Grande Méchante Scientifique se rend compte que les choses vont être plus difficiles que prévu pour anéantir ces empêcheuses de stériliser en rond et décide donc de passer à la vitesse supérieure :
“Mon fidèle Gommeux, venez donc ! Repartez avec un commando anéantir ces vilaines !
– D’accord Cheffe ! Mais sinon, on ne pourrait pas avertir la police vu qu’on a beaucoup d’influence, et les faire capturer ? Elles nous ont déjà quand même pas mal poutrés, là…
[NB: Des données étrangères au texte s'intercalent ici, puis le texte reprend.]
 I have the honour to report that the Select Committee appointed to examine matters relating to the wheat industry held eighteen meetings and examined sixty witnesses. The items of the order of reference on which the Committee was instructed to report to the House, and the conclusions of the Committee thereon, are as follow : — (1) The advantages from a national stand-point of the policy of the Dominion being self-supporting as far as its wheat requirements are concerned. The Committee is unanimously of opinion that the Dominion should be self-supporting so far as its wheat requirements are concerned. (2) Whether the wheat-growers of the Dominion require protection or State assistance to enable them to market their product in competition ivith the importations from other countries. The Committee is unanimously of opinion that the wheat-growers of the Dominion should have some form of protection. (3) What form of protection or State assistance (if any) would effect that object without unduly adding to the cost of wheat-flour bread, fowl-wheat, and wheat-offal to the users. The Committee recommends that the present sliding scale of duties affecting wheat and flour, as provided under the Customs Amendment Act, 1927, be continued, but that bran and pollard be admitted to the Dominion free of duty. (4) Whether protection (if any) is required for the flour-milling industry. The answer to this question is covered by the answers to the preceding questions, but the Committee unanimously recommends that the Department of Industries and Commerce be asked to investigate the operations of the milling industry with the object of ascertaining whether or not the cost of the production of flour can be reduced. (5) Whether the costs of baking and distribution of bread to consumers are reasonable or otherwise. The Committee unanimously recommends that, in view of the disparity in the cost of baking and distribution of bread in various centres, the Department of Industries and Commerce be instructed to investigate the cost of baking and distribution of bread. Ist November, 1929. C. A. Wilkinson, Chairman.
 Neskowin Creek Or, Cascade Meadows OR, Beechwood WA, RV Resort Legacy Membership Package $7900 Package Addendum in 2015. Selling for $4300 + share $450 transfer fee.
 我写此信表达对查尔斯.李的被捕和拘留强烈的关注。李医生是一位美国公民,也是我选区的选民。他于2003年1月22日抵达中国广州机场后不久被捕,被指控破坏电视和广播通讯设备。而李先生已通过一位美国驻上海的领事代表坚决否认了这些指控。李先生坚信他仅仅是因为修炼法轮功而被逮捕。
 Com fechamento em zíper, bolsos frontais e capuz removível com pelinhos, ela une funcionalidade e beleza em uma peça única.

– Vous n’y pensez pas, Gommeux ! Si on apprenait que des septuplés ont survécu, tout le monde il se moquerait de moi, et peut-être même qu’on dirait que je suis pas fûte-fûte ! Alors on reste discret, et on envoie en plein jours de petits commandos armés lourdement avec des bombes.
– …
– Exécution, Gommeux !”
Pendant ce temps, c’est au tour de Simplette de passer à l’action. En effet, histoire de préserver encore un peu leur couverture (qui fait plutôt plaid bouffé aux mites qu’armure, en ce moment), les survivantes ont décidé de continuer à agir comme d’habitude. Simplette part donc tirer les vers du nez à ce méchant Wilfried-Wenceslas qui, sous la menace d’une arme, avoue qu’il faisait chanter Prof au sujet d’un contrat qu’elle aurait passé avec Grande Méchante Scientifique, dans lequel elle lui promettait un max de thunes pour sa future campagne électorale (oui, parce qu’elle veut aussi être présidente ou grand vizir, ou je sais pas quoi). Suite à ça, Wilfried-Wenceslas est abattu par les hommes de Gommeux et Simplette doit s’enfuir.
“Les filles, j’ai besoin d’une échappatoire, là.
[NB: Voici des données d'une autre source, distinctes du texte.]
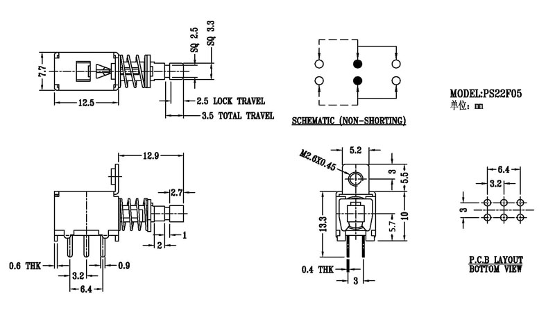 按鍵撥動開關技術參數: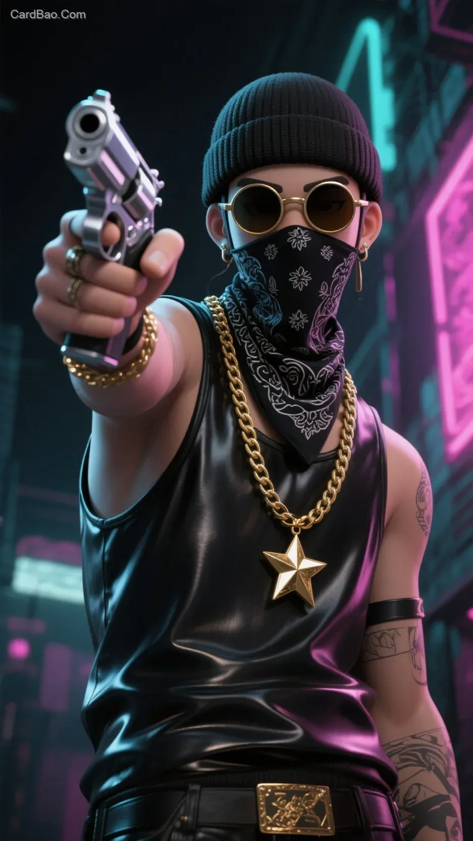 This is an anime character with a trendy and edgy style. The character wears a beanie, round-frame sunglasses, and a patterned black bandana covering the lower face. They are dressed in a sleeveless top, adorned with a large gold chain and a star-shaped pendant. Holding a pistol, they make a pointing gesture. The overall design aims to create a cool, street or gangster-inspired persona, exuding an untamed and commanding aura. Stylistically, it aligns with an "American" urban cool aesthetic, reminiscent of the distinctive characters often portrayed in American-style anime.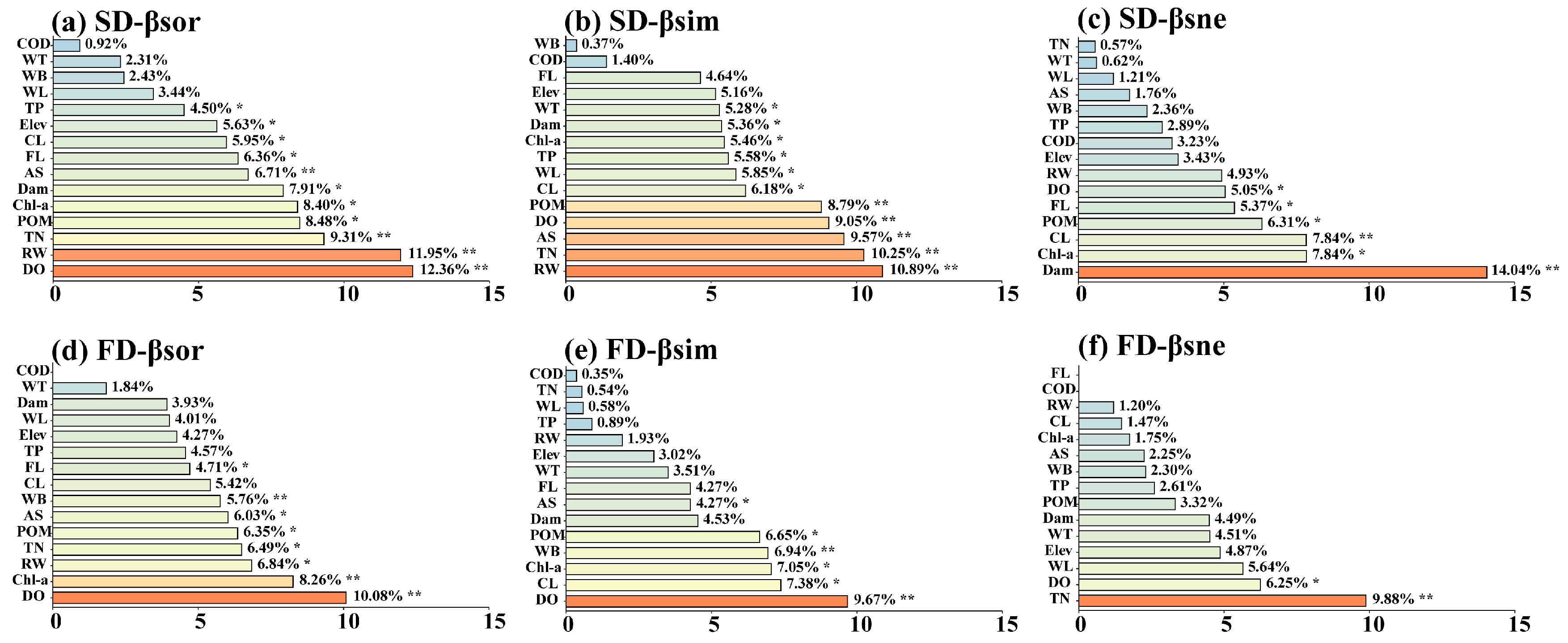 - Menezes, R.F.; Svenning, J.-C.; Fu, H.; De Meester, L.; Lauridsen, T.L.; Søndergaard, M.; Conde-Porcuna, J.M.; Jeppesen, E. Fish Beta Diversity Patterns across Environmental Gradients in 63 European Shallow Lakes: Effects of Turbidity, Nutrient Enrichment, and Exotic Species. Water 2023, 15, 1831. [Google Scholar] [CrossRef]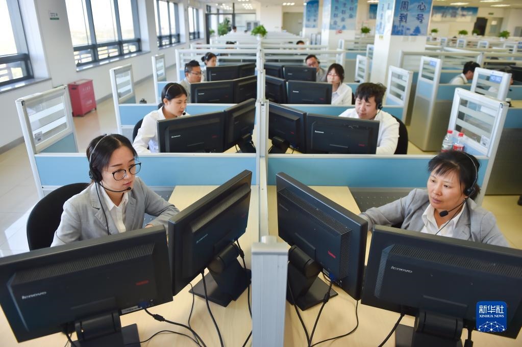 在位于北京亦莊的12345市民熱線話務(wù)大廳,工作人員接聽(tīng)熱線電話(2019年11月13日攝)。新華社記者 彭子洋 攝

– Saute par la fenêtre, il y a une benne à ordures qui amortira ta chute.”
SHBANG !
“AILLEUH ELLE ÉTAIT VIDE !
– Ahah mdr la lose. Allez cours, tu vas te faire trucider sinon.
– Mais vous êtes des radasses ! Par où je vais ?
– Attends lol, on sonne à la porte débrouille-toi.”
Simplette regrette amèrement le jour ou elle a prêté son Château Petit Poney aux sombres fumistes qui se font passer pour ses soeurs et a la bonne idée de fuir par les bas-quartiers de la ville. Bien lui en prend, car l’endroit est truffé de gens qui, visiblement, passent leur vie à attendre que passent des mecs en uniforme pour leur balancer à la tronche divers projectiles (pierres, ustensiles, poubelles en feu. Oui oui.)
Et qui sonne donc à l’appartement des soeurettes me demanderez-vous ? Eh bien Jean-Ricardo. Joyeuse se dévoue pour lui ouvrir et ce gros dégueulasse a à peine passé la porte qu’il commence à la tripoter puis à l’étrangler sous prétexte qu’apparemment, elle aime ça. Elle parvient à se dégager de ses attouchements et part débriefer les deux soeurs restantes, Grincheuse et Timide.
“Nan mais t’as couché avec lui ?
– Mais… Mais NON !
– Allez, t’es blonde, tu t’habilles léger, avoue que tu cherches aussi !
– Si ces mecs en noir ne vous tuent pas, je vous jure que je m’en charge avant la fin du film.
– Oui oui, ben du coup, tu vas chez lui, tu le laisses faire ce qu’il veut, et tu t’arranges pour savoir avec laquelle de nous il sortait.”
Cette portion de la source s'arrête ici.